Anyone who is passionate about science, whether professionally or as a hobby, can't stop talking about their areas of interests. This is your opportunity to show off that awesome biological phenomenon you can't get enough of.
2. To discover the secret of life.
You teach by exposing others to background on your favorite biological mechanisms. You learn by watching the community and keeping up with what others are posting. If only one person posts something each day, you'll know ~30 new secrets of life by the end of the month.
3. To make the study of molecular/micro/cell biology more available to non-scientists.
The reason Galileo got in trouble for telling everyone that Copernicus was right about the Earth revolving around the sun thing is because everyone heard about it; everyone wanted to know what scientists were doing, and they all talked about it around the 15th century water coolers. Now, maybe because science has become an umbrella term encompassing an overwhelming plethora of subjects, the biomedical studies seem unapproachable - "it's too hard to understand, and I get all the science I'll ever need from Fox News and The Magic School Bus." (I'm not knocking The Magic School Bus, by the way; it's amazing.)
It's important to know what stem cells really are before you make a decision about the ethics involved in their usage. It's important to know what NSAIDs are and how they work to protect yourself from another Vioxx fiasco.
On an even more basic level, an example: know that if you take an antibiotic for a viral infection, you will not only not even touch the virus, you'll kill the bacteria that are helping you survive the viral infection, and, more dangerously, you'll eventually strengthen the bacteria that can cause you harm - welcome to MRSA.

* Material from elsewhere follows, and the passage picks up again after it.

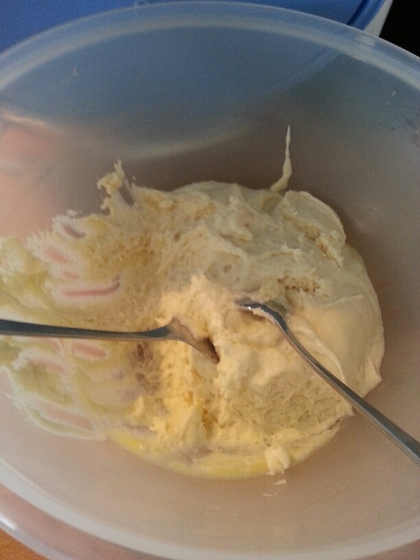 170 g Mehl, 1 Päckchen Puddingpulver Vanille ( ich nehme etwa 40 g Stärke und eine frische Vanillestange)und 1 Päckchen Backpulver dazugeben. Ich gebe Mehl immer durchgesiebt dazu, dann wird der Teig etwas feiner (kann aber auch Einbildung sein).

We want to spread science, to show how interesting it can be, to make it available to everyone (even the philosophy majors), to teach and to learn about how to use science in our daily lives - science is our daily lives.</center>

Where Do I Find These Images?
The most obvious place would be the literature. Try:
PubMed
Annual Reviews
You Tube for some awesome microscopy videos and animations.
If you don't have access to an article you want, post an entry requesting it, and I'll dig it up for you - I have access to most of journals, I think.
Textbooks also work. PubMed gives you free access to many books. Just select "Books" in the search quarry.
And, of course, Google. Just make sure that the site you end up using is credible; generally, anything ending in .gov, .edu or .org should be good. No .coms. Also try Google Scholar

In what format do I post?
What you post is up to you, really, as long as it matches with the goals of the community. Just remember to site your sources.